Anyway, I’ve decided what I’m giving up for Lent. I’m giving up copping out. Thank you, Father Matthew. I feel like someone who has been suffering from prolonged laryngitis, who has just croaked their first curse in weeks. It’s been a bad winter, though, and not just for me. One of my friends in California lost everything she had in the wildfires, including her poor old cat, Morris. So you would expect me, since I have once more strapped on my armour, taken down the dusty old shield of the Rudds from its hook in the panelled hall (azure, a lion rampant or, a canton of the second, in case you were interested. No, I thought not.) and prepared to justify the ways of God to men, to come up with some reason why this was all going to be OK and work out well. Wouldn't you?
I can’t. As far as suffering in the world is concerned, I’m in exactly the same position as I was last year when I stopped writing this blog. Raymond Chandler, a writer whose motto was “when in doubt, have someone come through the door with a gun in his hand”, put it much better than I can:
"Is God happy with the poisoned cat dying alone in convulsions behind the billboard? Is God happy that life is cruel and that only the fittest survive? The fittest for what? Oh no, far from it. If God were omnipotent and omniscient in any literal sense, he wouldn’t have bothered to make the universe at all. There is no success where there is no possibility of failure, no art without the resistance of the medium. Is it blasphemy to suggest that God has his bad days when nothing goes right, and that God’s days are very, very long?"

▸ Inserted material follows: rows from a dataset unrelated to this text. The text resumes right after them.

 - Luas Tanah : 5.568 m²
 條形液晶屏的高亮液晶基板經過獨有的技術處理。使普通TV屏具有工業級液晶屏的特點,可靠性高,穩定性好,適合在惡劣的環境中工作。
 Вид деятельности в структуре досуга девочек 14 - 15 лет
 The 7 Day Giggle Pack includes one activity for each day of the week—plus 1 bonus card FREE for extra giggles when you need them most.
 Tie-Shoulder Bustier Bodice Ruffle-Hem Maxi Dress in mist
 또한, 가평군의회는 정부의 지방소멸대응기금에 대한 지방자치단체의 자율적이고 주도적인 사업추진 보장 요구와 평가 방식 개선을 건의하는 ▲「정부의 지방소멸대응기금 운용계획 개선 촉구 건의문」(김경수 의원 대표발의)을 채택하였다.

Given the school shooting in Florida last week, you could well be forgiven for asking if God was having yet another bad day. I’ve actually seen a “meme” being circulated where a “concerned student” asks God why he didn’t prevent the suffering, and “God” replies “because I am not allowed in schools these days”.
Bollocks. I’m sorry if you choked on your macaroon when I said that, but bollocks. Bollocks, bollocks, bollocks. If God is God, nothing is going to keep it out of school or anywhere else, for that matter. God was there in Florida. God was there in the football coach who lost his life shielding others. Why don’t these numbnuts get it?

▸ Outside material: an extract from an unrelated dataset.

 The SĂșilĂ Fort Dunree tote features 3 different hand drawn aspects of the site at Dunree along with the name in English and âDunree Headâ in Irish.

Sorry, Emotional language, which will never do. Because “emotional language” means we might actually have to confront the problem. To square up to the proverbial elephant in the room.

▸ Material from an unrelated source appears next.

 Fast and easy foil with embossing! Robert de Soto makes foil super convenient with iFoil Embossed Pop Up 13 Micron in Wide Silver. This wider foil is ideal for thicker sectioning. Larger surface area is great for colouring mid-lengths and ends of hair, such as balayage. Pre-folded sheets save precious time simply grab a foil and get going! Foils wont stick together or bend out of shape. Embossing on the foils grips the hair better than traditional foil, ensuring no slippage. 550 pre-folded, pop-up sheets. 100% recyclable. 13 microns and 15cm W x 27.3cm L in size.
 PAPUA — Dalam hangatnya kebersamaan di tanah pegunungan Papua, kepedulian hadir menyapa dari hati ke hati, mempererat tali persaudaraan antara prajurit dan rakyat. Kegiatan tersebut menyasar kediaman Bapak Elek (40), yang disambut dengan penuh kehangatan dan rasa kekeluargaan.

Still. We should be celebrating. I’m back, and this time it’s personal. There are some things I can’t change. Poor little Morris, lost in the ashes of the wildfires. But on the other hand, there is that point of return. That moment when everything seems lost, done and dusted, when suddenly... and that’s how I feel right now. Morris will never come back in this world, God bless him. But his little catty soul is in cat heaven, and at this point (emotional language alert) I’d just like to say that if heaven doesn’t allow cats, book me a slot in Hades. And the love and the goodness that surrounded Morris will, like the Phoenix from the ashes, like the Mary Ellen Carter, and indeed, like Jesus, allegedly, rise again.